__WHAT YOU SHOULD DO__: In the records below, find the line that holds "- Adults Watching". Restate it and every later line exactly, stopping at the end and skipping pictures.

__MATERIAL PROVIDED__:
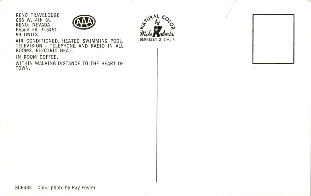 MAKE AN OFFER. THE MORE YOU BUY THE BETTER DEAL I WILL ACCEPT The postcard advertises the Reno Travelodge located at 655 W. 4th St. in Reno, Nevada. The Travelodge offers 99 units with amenities such as air conditioning, a heated swimming pool, television, telephone, radio, electric heat, in-room coffee, and is within walking distance to the heart of town.
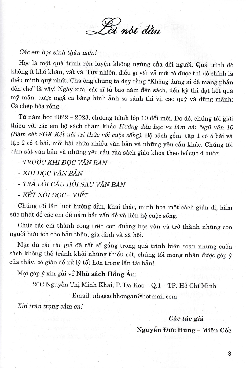Các em học sinh thân mến! Học là một quá trình rèn luyện không ngừng của đời người. Quá trình đó không ít khó khăn, vất vả. Tuy nhiên, điều gì vất vả mới có được thì đó chính là điều mình quý nhất. Cha ông chúng ta dạy rằng “Không dừng ai dễ mang phần đến cho” là vậy! Ngày xưa, các sĩ tử bao năm đèn sách, đến kỳ thi đạt kết quả mỹ mãn, được ngợi ca bằng hình ảnh so sánh thi vị, cao quý và dũng mãnh: Cá chép hóa rồng. Từ năm học 2022 – 2023, chương trình lớp 10 đổi mới. Do đó, chúng tôi giới thiệu với các em bộ sách tham khảo Hướng Dẫn Học Và Làm Bài Ngữ Văn 10 (Bám Sát SGK Kết Nối Tri Thức Với Cuộc Sống).
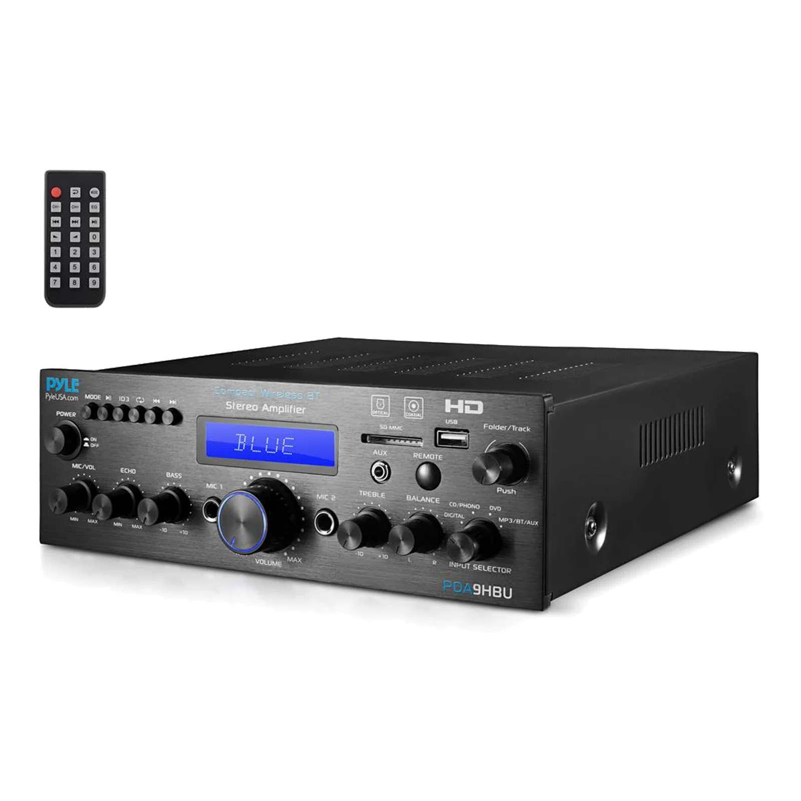 Pyle PDA9HBU 200 Watt Compact Wireless Bluetooth USB FM Radio Stereo Amplifier with Digital LCD Display Pyle - PDA9HBU This Pyle PDA9HBU Compact Wireless Bluetooth Stereo Amplifier gives your sound system an impressive boost. It offers accurate audio reproduction allowing you to enjoy high quality amplified audio. This pro audio system has FM radio and USB Flash Drive & SD Memory Card Readers for additional media expandability options. Bluetooth capability for wireless streaming! General Features: Bluetooth Connectivity: What’s In The Box: Technical Specs:
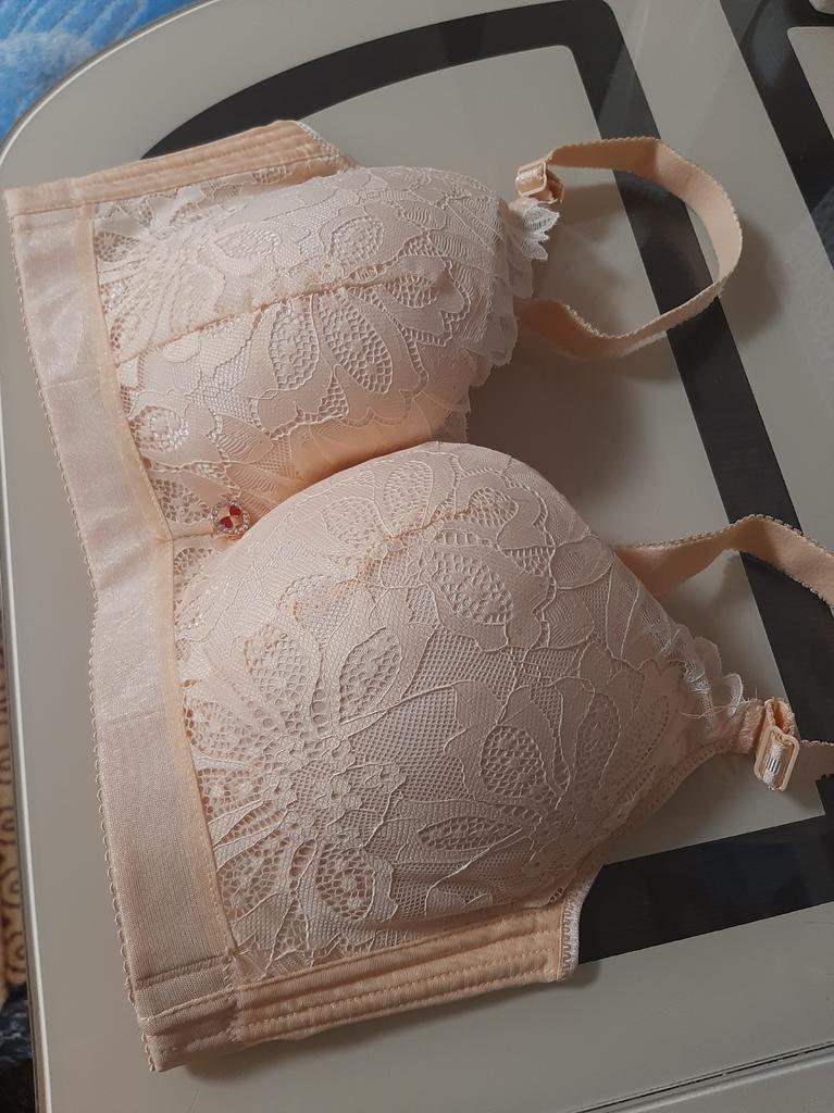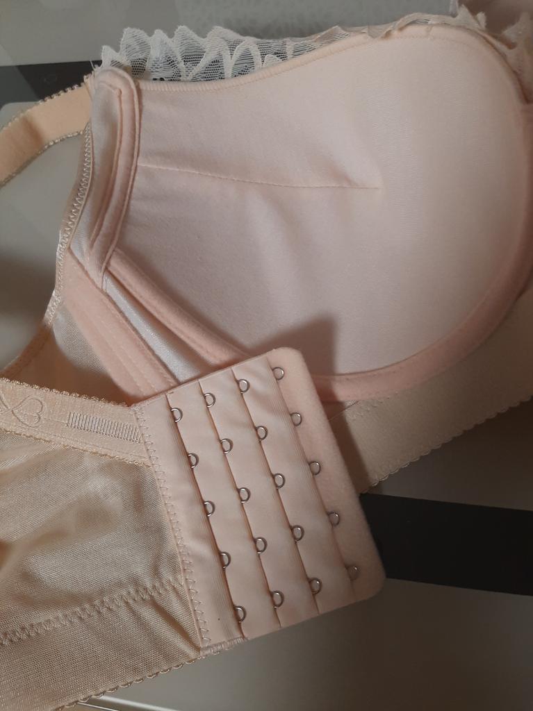 Wonderfully sewn, beautiful seams, wonderful cotton inserts, beautiful lace, good wide straps and good back clasps, good wide elastic on the sides, but this bra almost fits me, although it would be good to be 1 size larger, the volume is good, but the size is not f at all. It's a great, great pity, and I was so worried about such a bra😢😢😢
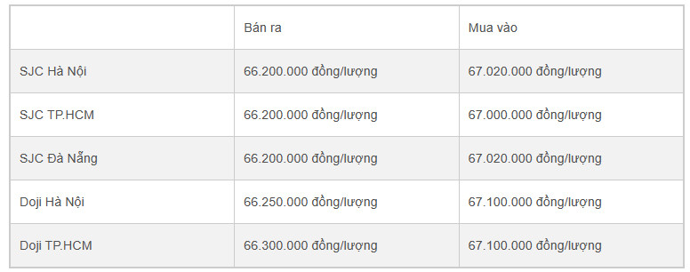 Tương tự, sáng nay, giá vàng miếng của Tập đoàn Vàng bạc đá quý Doji tại Hà Nội tăng 50 nghìn đồng/lượng ở cả 2 chiều; giá vàng miếng của Doji tại TP.HCM tăng 100 nghìn đồng/lượng ở chiều mua vào và giữ nguyên ở chiều bán ra so với chốt phiên giao dịch hôm qua.
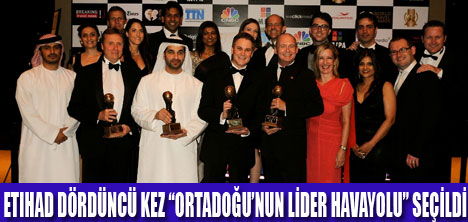 Birleşik Arap Emirlikleri'nin (BAE) ulusal havayolu şirketi Etihad, Dubai'de gerçekleştirilen Dünya Seyahat Ödülleri'nin Ortadoğu töreninde dördüncü yıl üst üste “Lider Havayolu” ödülünü alarak toplam dört dalda ödüle layık görüldü
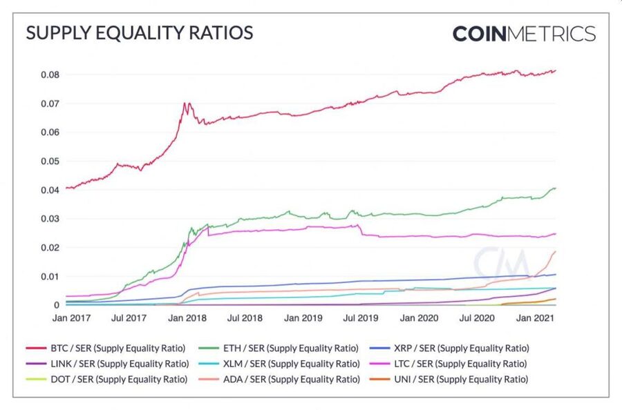 BTC y ETH tienen el mayor cociente de igualdad del suministro (SER), según Coin Metrics. Fuente: Coin Metrics.
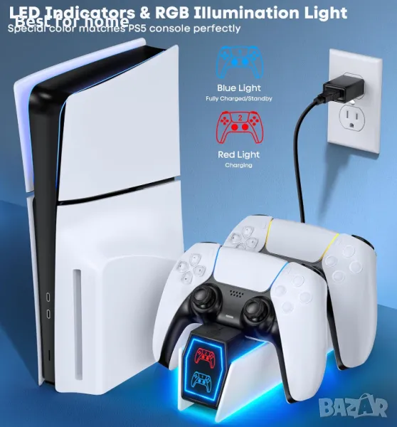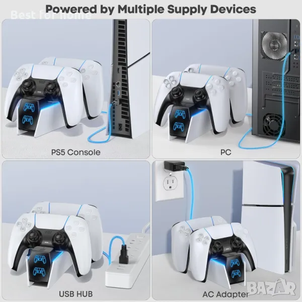 Подходящ за PS5 и PS5 Edge контролери: Тази зарядна станция за PS5 контролер е специално проектирана да се свързва с определен променливотоков захранващ адаптер и да зарежда два PS5 контролера едновременно. Това е задължителен PS5 аксесоар за PS5 контролер. Задържайки ви в игрите по-дълго с конзолата Playstation 5, този комплект аксесоари за PS5 е най-добрият заместител на официалната станция за зареждане на безжичен контролер OEM PS5 Dualsense.
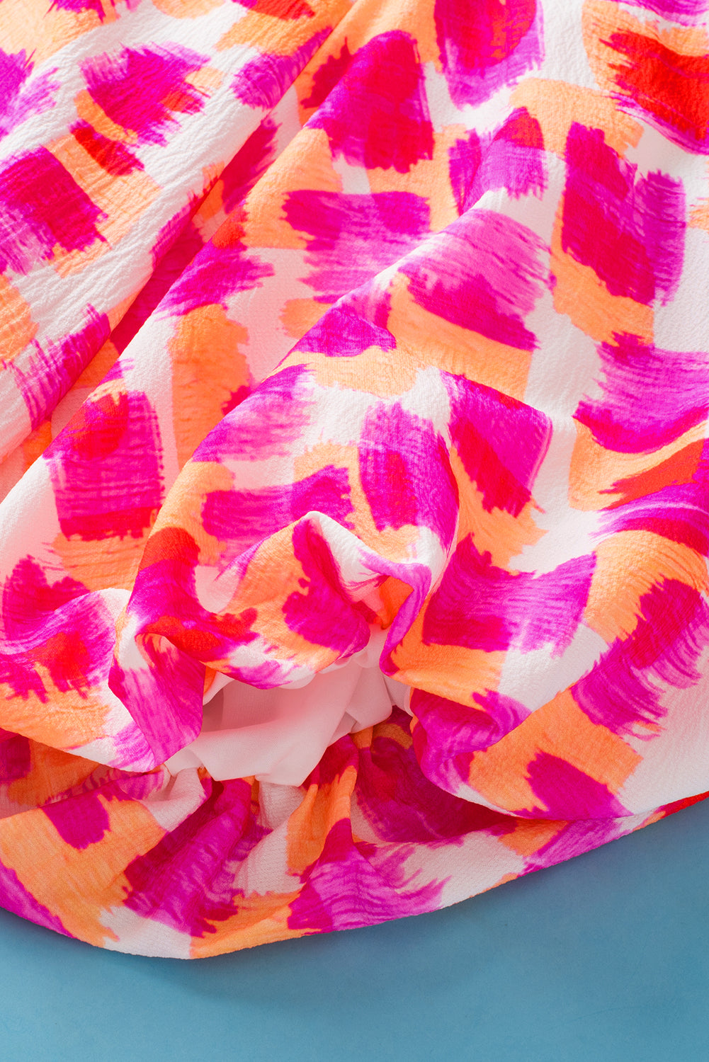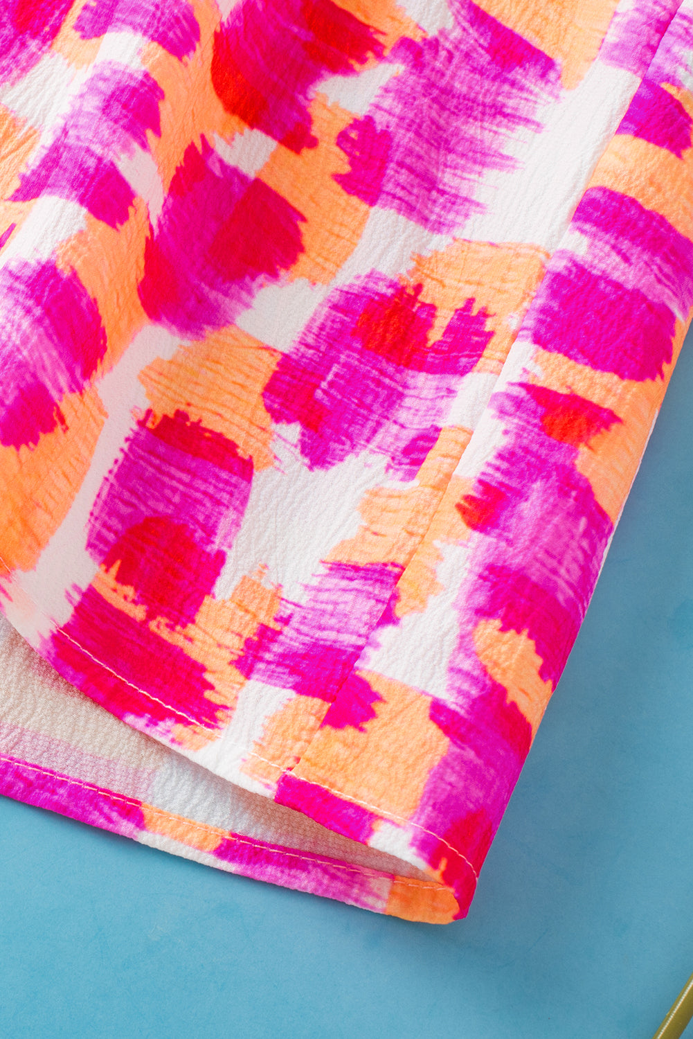 Pink Abstract Print Button Back Ruffed High Neck Blouse
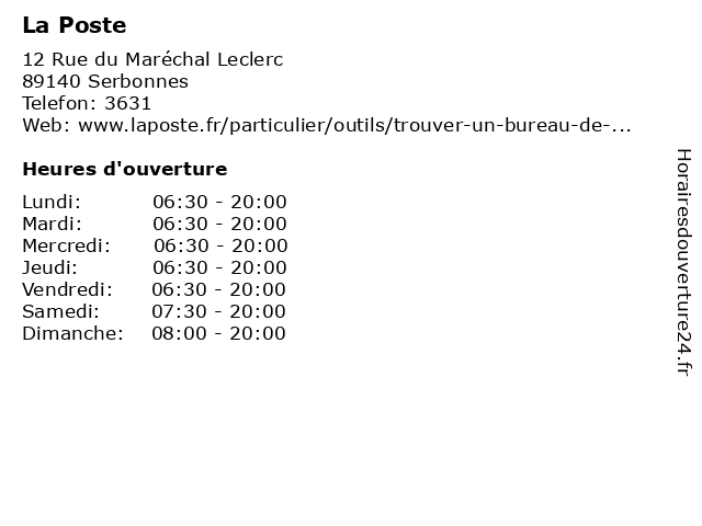 1 La Poste (Distance: 2,58 km) 38 Rue Charles de Gaulle, 89140 Michery agence, colis, courriers, expédition, la, postale, poste, relais 2 La Poste (Distance: 3,51 km) 2 place de la Mairie, 89140 Courlon-sur-Yonne agence, colis, courriers, expédition, la, postale, poste, relais 4 La Poste (Distance: 5,63 km) 1 Place de l'Eglise, 89340 Villeblevin agence, colis, courriers, expédition, la, postale, poste, relais 5 La Poste (Distance: 5,69 km) 1 bis place de la Mairie, 89340 Champigny agence, colis, courriers, expédition, la, postale, poste, relais 6 La Poste (Distance: 6,29 km) 1 Rue Pasteur, 89140 Vinneuf agence, colis, courriers, expédition, la, postale, poste, relais |
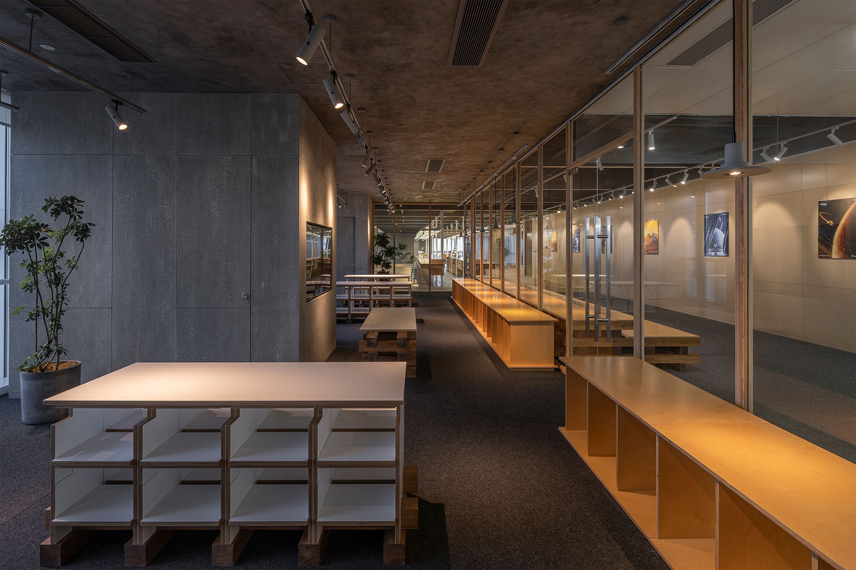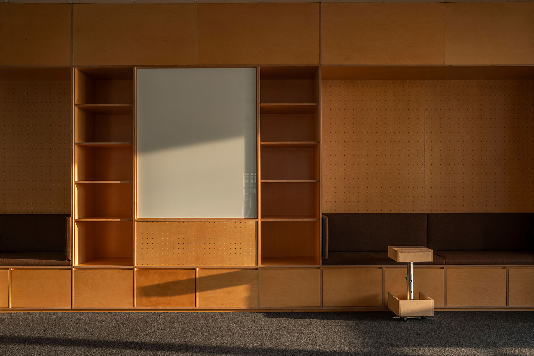 展厅紧邻广场,是城镇中的“精神空间”。它被设计成一个望向广场的玻璃盒子。在这里,我们将家具的模数单元分的更小,形成可以拼插组合的模块。由此适应不同尺寸的展品及各种展览场景。
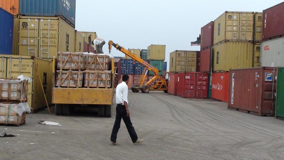 Raw blocks purchased from quarries are received at the gantry yard and are unloaded with the help of gantry cranes.
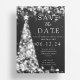 Elegante Fiesta de Navidades / Fiesta de invierno / Fiesta de vacaciones / Fiesta de Navidades corporativos invitación "Guardar la fecha" con árbol de Navidad plateado sobre fondo negro.
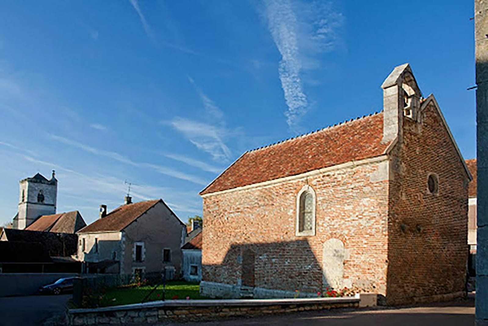 (D/A) Partir en contournant l'église par la droite (suivre le chemin qui longe les tilleuls). Rejoindre la Rue de la Chapelle. Avant la station service, virer à gauche dans la Rue des Courgelles. Prendre ensuite la première à droite. Dans la grande courbe, quitter la route pour prendre en face le chemin. Au carrefour en T, tourner à droite.
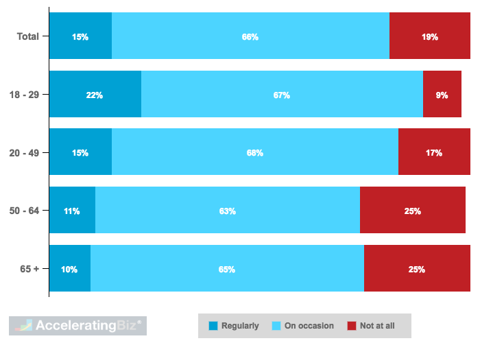- Adults Watching Recommendations – Roughly four in five respondents in Pew Research Center survey watch videos suggested by Youtube’s artificial intelligence (AI) recommendation engine in 2018, with 15% saying they do so regularly
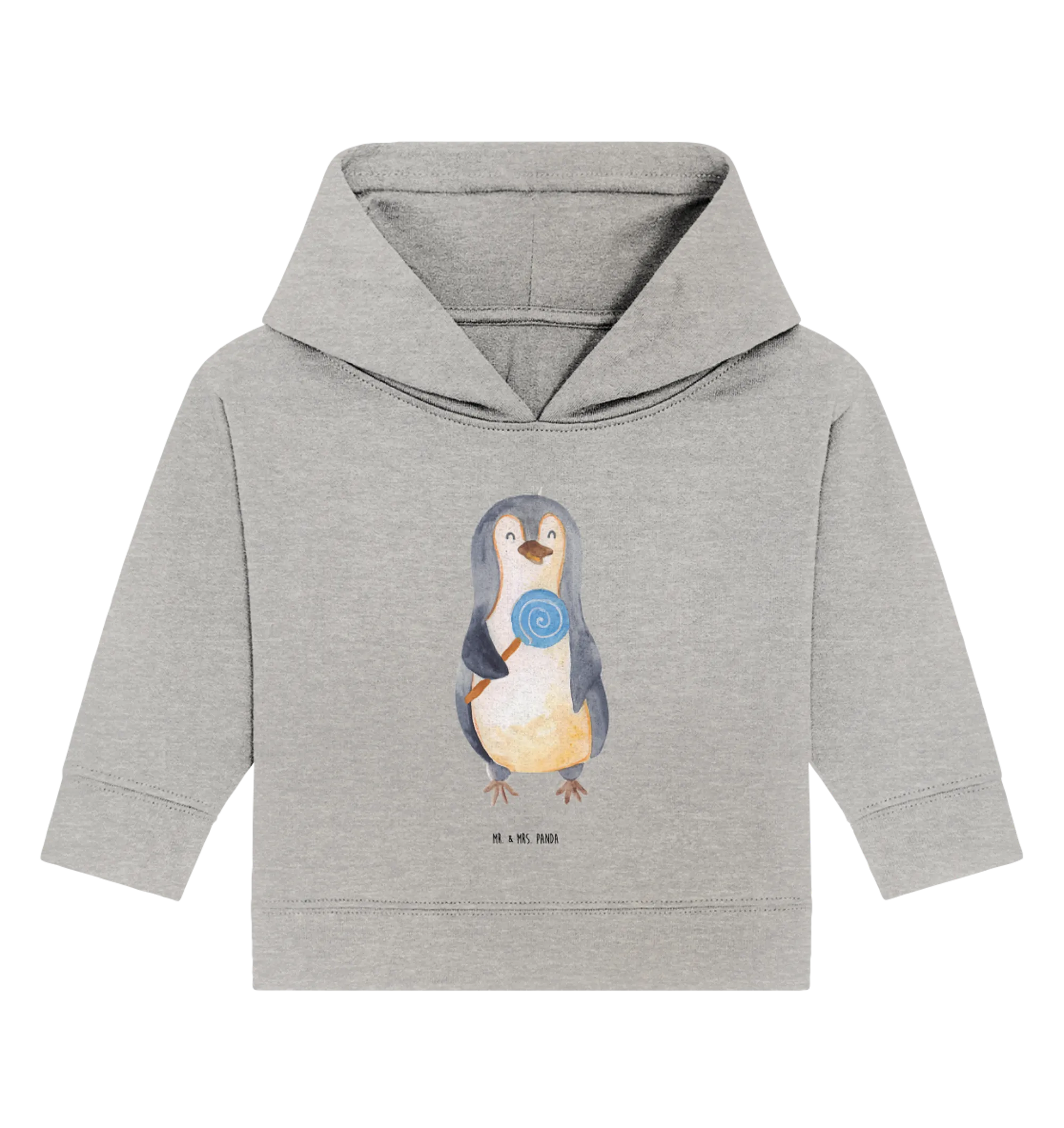 Das Organic Baby Hoodie mit dem süßen Pinguin Lolli-Motiv aus der Pinguin-Kollektion von Mr. & Mrs. Panda ist das perfekte Geschenk für kleine Rebellen und Gauner im Alter von 12 bis 18 Monaten. Es verbindet Komfort und Style in einem niedlichen Design, das jedes Kind zum Strahlen bringt! Du blickst in das niedliche Gesicht des Pinguin Lollis und lässt dich von seinem herzlichen Blick verzaubern. In seiner flauschigen Hand hält er stolz seinen Lieblingslutscher und lässt dich fast das zuckersüße Aroma riechen. Das von Mr. & Mrs. Panda handgezeichnete Motiv kombiniert einen putzigen Pinguin mit kindlicher Unbeschwertheit und lässt dich dahinschmelzen.
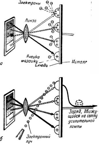 Пробегая по всем фотоэлементам фотокатода и «стирая» один за другим положительные заряды на этих фотоэлементах, электронный луч освобождает соответствующие им по величине стайки электронов в металлической пластинке.

__RESULT OF THIS EXERCISE__:
- Adults Watching Recommendations – Roughly four in five respondents in Pew Research Center survey watch videos suggested by Youtube’s artificial intelligence (AI) recommendation engine in 2018, with 15% saying they do so regularly
 Das Organic Baby Hoodie mit dem süßen Pinguin Lolli-Motiv aus der Pinguin-Kollektion von Mr. & Mrs. Panda ist das perfekte Geschenk für kleine Rebellen und Gauner im Alter von 12 bis 18 Monaten. Es verbindet Komfort und Style in einem niedlichen Design, das jedes Kind zum Strahlen bringt! Du blickst in das niedliche Gesicht des Pinguin Lollis und lässt dich von seinem herzlichen Blick verzaubern. In seiner flauschigen Hand hält er stolz seinen Lieblingslutscher und lässt dich fast das zuckersüße Aroma riechen. Das von Mr. & Mrs. Panda handgezeichnete Motiv kombiniert einen putzigen Pinguin mit kindlicher Unbeschwertheit und lässt dich dahinschmelzen.
 Пробегая по всем фотоэлементам фотокатода и «стирая» один за другим положительные заряды на этих фотоэлементах, электронный луч освобождает соответствующие им по величине стайки электронов в металлической пластинке.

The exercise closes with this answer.